High Close
Candlefocus EditorBy making the series of small trades at a higher price, the manipulator can create a false impression that the stock is in demand, pushing prices up to attract more buyers. This tactic can be used to artificially inflate the value of a stock or to prop up a stock’s price when it is declining.
In addition to making numerous trades at a higher price, it can also involve engaging in “wash” trades where the manipulator buys and sells the same stock at the same time to inflate the trading volume and give more outsiders the impression that the stock is in high demand.
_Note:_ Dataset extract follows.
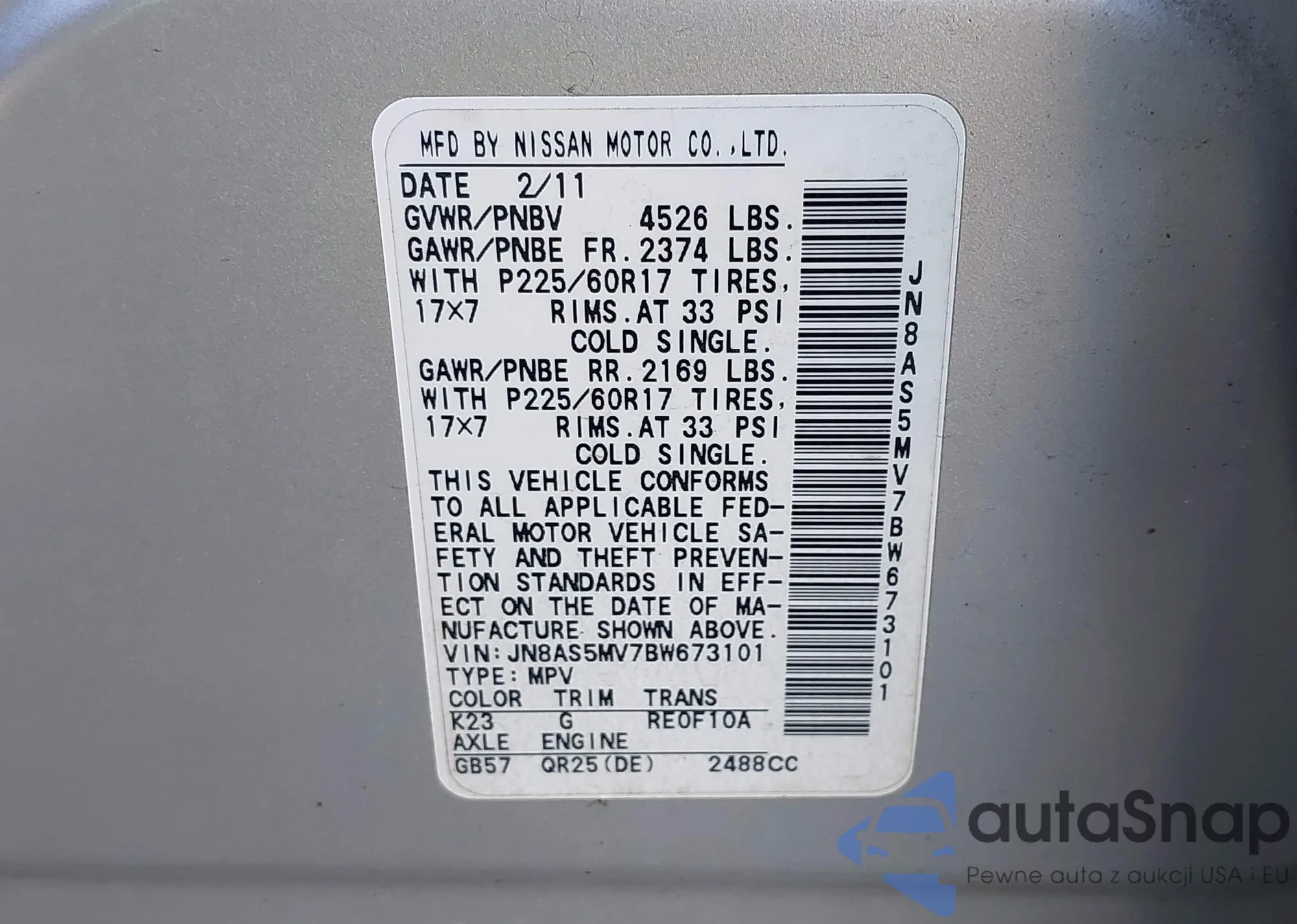 VIN: JN8AS5MV7BW673101

High Close trading is typically done through brokerages, but it can also be done with computer algorithms.
To determine if a stock is being manipulated by a High Close, it’s helpful to use candlestick charts. These charts provide visual representations of the prices and trading volume for any given stock, which allows investors to detect any suspicious trading patterns. If a clearly delineated pattern emerges where the same small trades occur rapidly in the final minutes of trading, it could be indicative of a High Close.
High Close is prohibited by the U.S. Securities and Exchange Commission (SEC) due to its deceptive nature and potential to harm investors. If the SEC suspects a person or organization of engaging in this type of manipulation, they will investigate the case by gathering and analyzing trading logs, records, emails, and other documents. If it is determined that they have been engaging in manipulation, they can face serious legal consequences.
Overall, High Close is an unethical stock manipulation tactic that benefits certain investors while causing harm to others. It is important to be aware of this tactic and to monitor any suspicious trading activity for possible signs of manipulation. Doing so can help protect investors from being taken advantage of by unscrupulous market manipulators.